Nel frattempo dal camion continuano tanti interventi, e sono tante le donne che decidono di raccontare i propri vissuti difficili. Come Miriam, con le braccia incrociate a quelle delle  sue amiche e compagne di Black Lives Matter, che racconta gli abusi subiti da bambina in famiglia: «i marchi che lui mi lasciava sul corpo, li nascondevo bene, ma nessuno li voleva vedere. Era colpa mia». Una donna, che è di fronte lo striscione steso a terra, sentendo questa storia, non trattiene le lacrime, e si asciuga gli occhi spostando la mascherina. «Non sapevo cosa fare, ero piccola… Le donne non valgono niente.
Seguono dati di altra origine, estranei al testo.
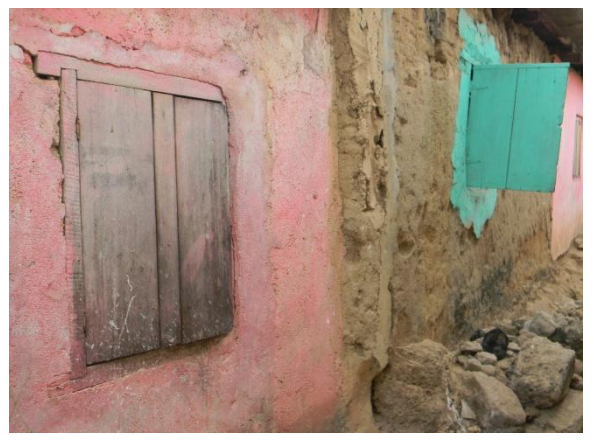
Plate 2: Located at Gyegyem-Enyitsiwdo Plate 3: Located at Gyegyem-Enyitsiwdo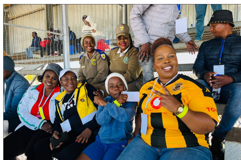
Supporters from different parts of the country came in numbers to support their teams during the highly anticipated Top 4 Legends Soccer Tournament, organised at Kameelrivier Stadium outside Siyabuswa.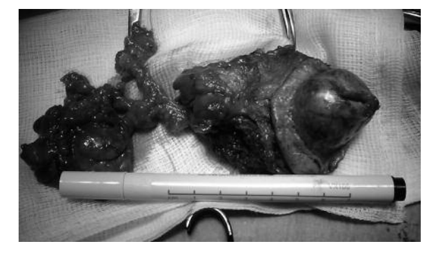
Figure 2. Macroscopic aspect of an excised primary cutaneous mucoepidermoid carcinoma. Note the 7 cm deep infiltration of the lesion.

flammatory infiltration. It is delimited by an epithelium constituted of a mixture of mucous cells, cuboidal intermediate cells and epidermoid cells; sometimes it formed papillary structures. In the pericystic connective tissue small nests of epithelium characterized by mucipar glands and a solid mass of stratified cells were found (Figure 3). The histology of the neck dissection showed metastases to two lateral-cervical lymph nodes at levels I and II. Immunohistochemistry resulted positive for cytokeratin 5/6/7, anti-human epithelial membrane antigen (EMA) and P63 and was negative for cytokeratin 20, S100 and MelanA. The neoplasm was graded as an in-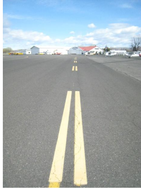
Double dashed yellow line by Cub Crafters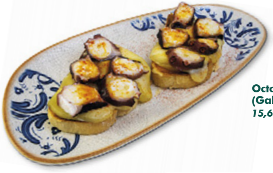
Octopus and tetilla cheese (Galician cheese) toast 15,60€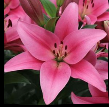
BOARDWALK Ht: 39' $6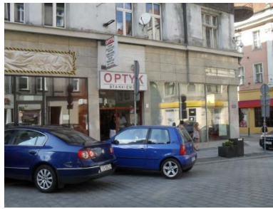
Fig.2. Closed shops in the main street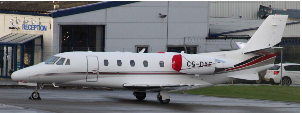
CS-DXF Citation 560XL 21/11 Mike Storey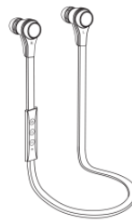
SH802 Bluetooth® Headset User manual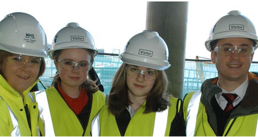
Time Capsule Project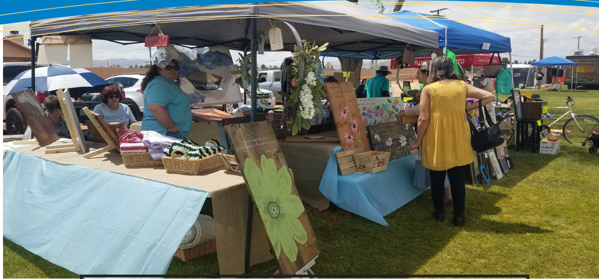
Rockin' Flea Market vendors showcase their items. It was well attended!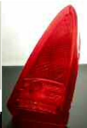
1957 Tail Lamp XXLAT00457R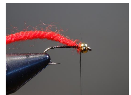
3. Tie in a strand of red wool directly behind the bead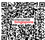
(1) Enterprise Singapore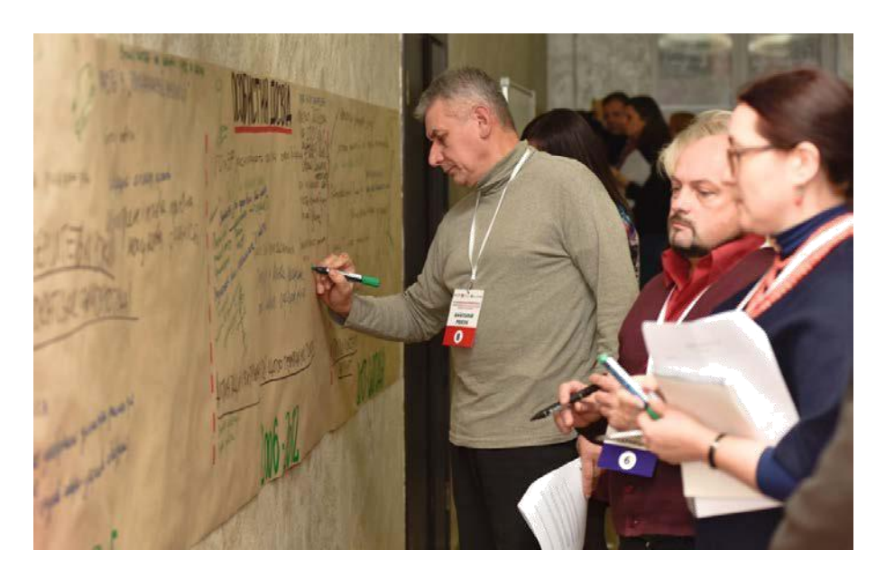
On November 30 – December 2, 2017, GURT has organized the All-Ukrainian Conference "<u>Future of the National Network of Ukrainian Civil Society Organizations</u>" in partnership with NENO and Ukrainian Catholic University where 80 leading CSOs representatives from all over Ukraine took part. For three days, participants wrote a book and created the action plan for 2018.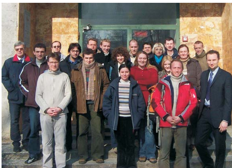
The participants of the course "Advanced GIS-modelling" Polaznici tečaja "Napredno GIS-modeliranje"

Osim rada u GIS-paketima, na tečaju su obrađivane i teme poput ovih: obrada satelitskih snimaka, modeliranje procesa u GIS-u, izrada ortofota, integracija GPS-a i GIS-a, modeliranje reljefa. Odabir tema, obavili su polaznici tečaja popunjavajući anketu.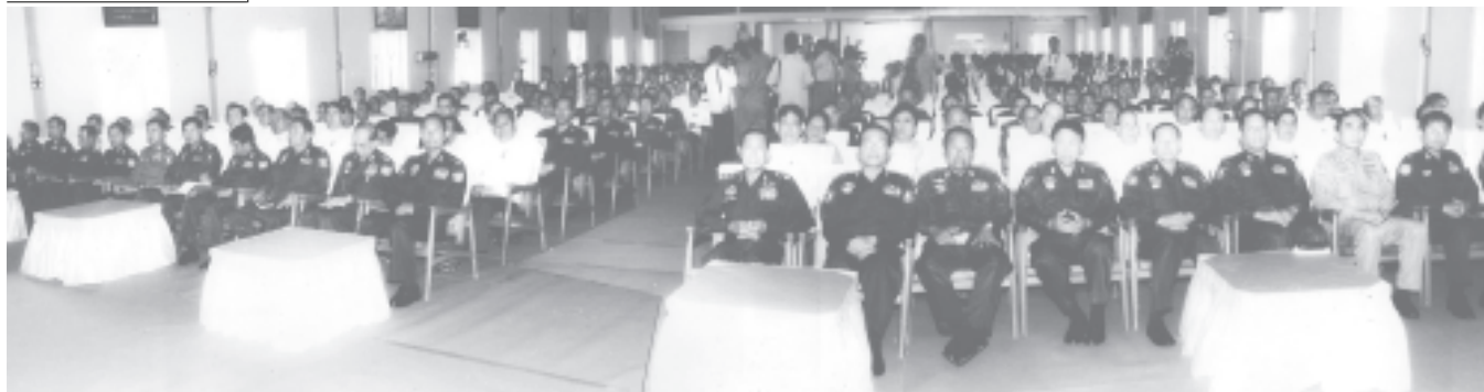
Dignitaries seen at the concluding ceremony of Myanmar and International Studies Course No 6 and Special Refresher Course No 7 of USDA. — MNA

Hepatitis infections and Medical Research (Page 10)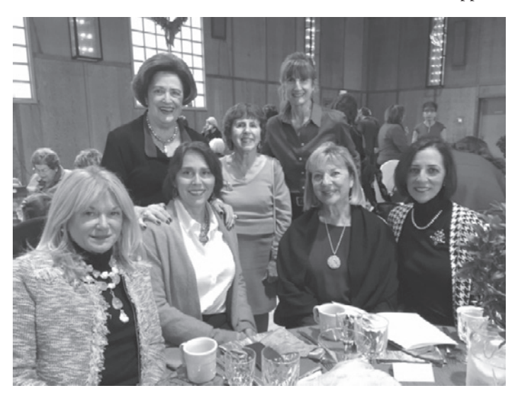
All smiles at the Luncheon December 12

Our Membership drive for 2016 will take place the months of January through March. We look forward to all becoming members of our hard working chapter. We are Philanthropy in action. Look for information that tells all the ministries we support.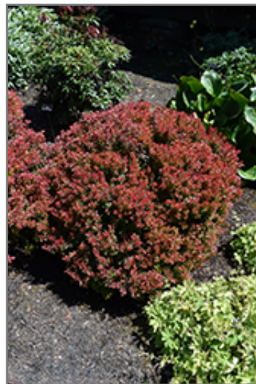
Golden Ruby Barberry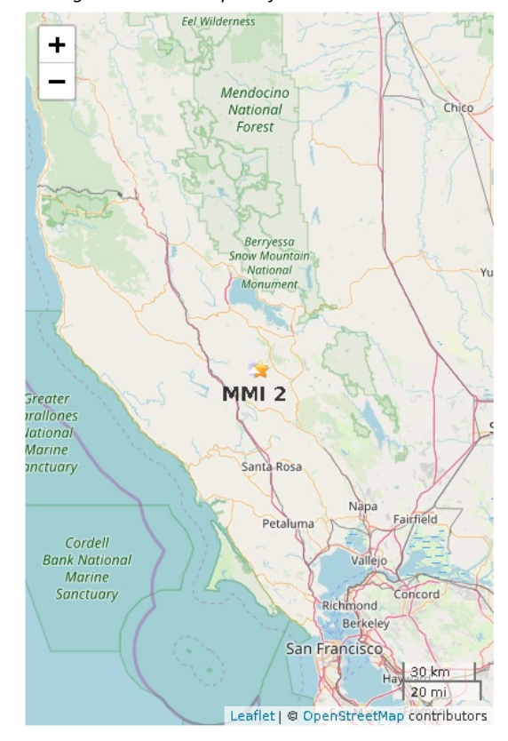
Figure 2. Polygons show shaking intensity contours for the final ShakeAlert. Shaking of intensity 3 or less is often not felt. Star shows the regional network epicenter.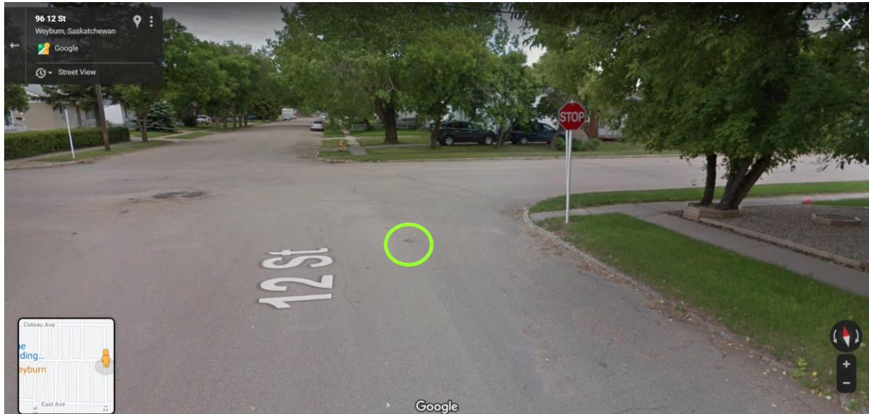
Figure 1: 12 th Street and Souris Avenue - Valve # 167

Soprattutto se non sei bianca e ricca, sei senza voce». Ci si guarda negli occhi, e le parole di Miriam, risuonano forti nella piazza. 

 

Foto di Renato Ferrantini

 

E poi arrivano le murghe, con i loro vestiti colorati verdi e gialli, brillantini e frange, hanno tradotto la “cancion sin medio”, che in questi giorni è girata nelle chat di telegram, e sui canali social di Non Una di Meno. In tante conoscono le parole, altre la leggono dal cellulare o dal volantino distribuito, e solo per questo momento si sta un po’ più strette nella piazza. «Cantiamo con forza, chiediamo giustizia. Gridiamo per quellə che più non ci sono. Se toccano una rispondiamo tuttə. Che suoni più alto “non una di meno”». Ed è la musica che unisce la piazza, anche se per un breve momento, perché purtroppo non si può stare insieme per molto. 

Mentre andiamo via, passa una mamma che chiede alla figlia piccola di darle la mano per passare tra la gente. Come tutte le donne che sono in questa piazza: anche loro, in un legame di sorellanza, si danno la mano per attraversare questa società violenta e patriarcale.